Od Arsenalu przez Barcelonę po Chelsea
Piłkarz miał wiele ofert i przyznał, że z ligą angielską wciąż łączy go wiele i cieszy się, że ponownie zagra w Premier League. Po Fabregasa nie zgłosił się jednak Arsenal, w którym grał od 2003 do 2011 roku, to w drużynie Arsene’a Wengera odnotował swój olbrzymi rozwój kariery (jednak bez klubowych sukcesów – w ciągu ośmiu lat zdobył tam wyłącznie Puchar Anglii) i to ten klub miał prawo pierwszeństwa do kontraktu.
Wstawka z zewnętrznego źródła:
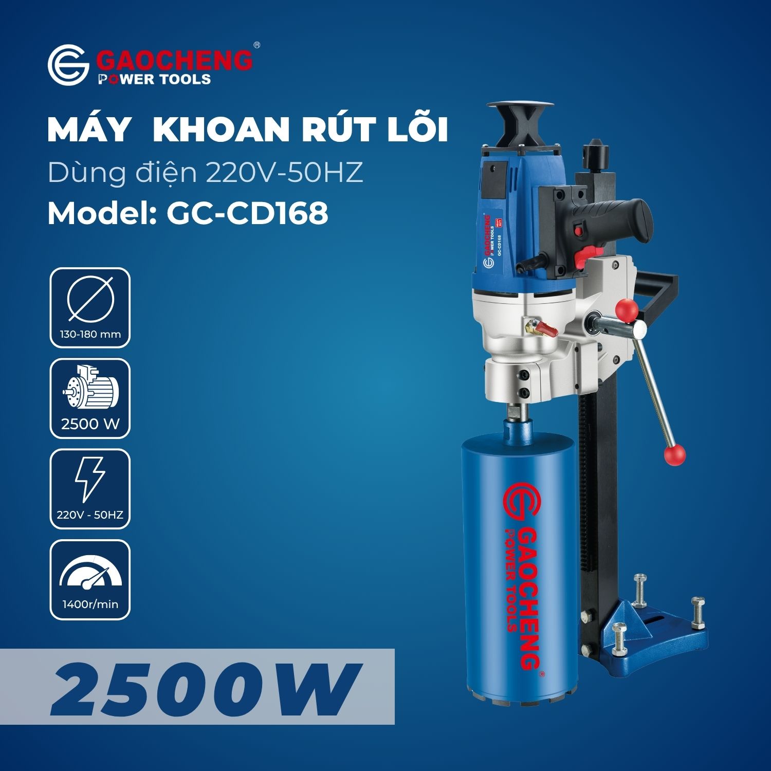 Máy khoan rút lõi đứng Gaocheng GC-CD168 là giải pháp hoàn thiện hiệu suất cao, chuyên đáp ứng các yêu cầu khoan khoét lõi bê tông cốt thép khắt khe trong ngành xây dựng. Sở hữu động cơ công suất lớn 2500W, máy mang lại hiệu quả vượt trội cho các công việc thi công đường ống nước, chạy đường điện, lắp đặt điện lạnh hay phá dỡ công trình.

Ze strony FC Barcelony nie padła natomiast propozycja dalszej współpracy z zawodnikiem, a klub życzył mu jedynie dalszych sukcesów. Fàbregas przyjął to ze zrozumieniem, sam również dziękował za 3 lata gry w pierwszej drużynie FC Barcelony, czyli klubu w którym się wychował i zaczął przeglądać oferty z innych klubów i to ta z Chelsea wydała mu się najlepszym wyborem, może tym razem uda mu się zdobyć więcej w Premier League.
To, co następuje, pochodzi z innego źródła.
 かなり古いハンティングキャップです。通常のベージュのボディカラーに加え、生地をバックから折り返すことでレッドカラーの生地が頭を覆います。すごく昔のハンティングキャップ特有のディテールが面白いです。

I firmly believe that Chelsea is the best choice. They match my footballing ambitions with their hunger and desire to win trophies…
— Cesc Fàbregas Soler (@cesc4official) 12 czerwca 2014
Pozostał mały niesmak
Podczas 3 lat gry w drużynie FC Barcelony Cesc dopisał na swoje konto mistrzostwo Hiszpanii, Superpuchar Hiszpanii, Superpuchar Europy, Puchar Króla, a także Mistrzostwo Świata. Nie udało mu się jedynie wygrać Ligi Mistrzów. Fabregas nie był tak ważną częścią zespołu jak się spodziewano. Wszystkie formalności związane z grą dla Chelsea załatwiane są bardzo sprawnie i piłkarz niemal od razu będzie mógł przystąpić do gry. Pytanie pozostaje w zasadzie jedno: jak kibice Arsenalu zniosą grę swojego byłego zawodnika w drużynie lokalnego rywala. Odpowiedź poznamy wkrótce.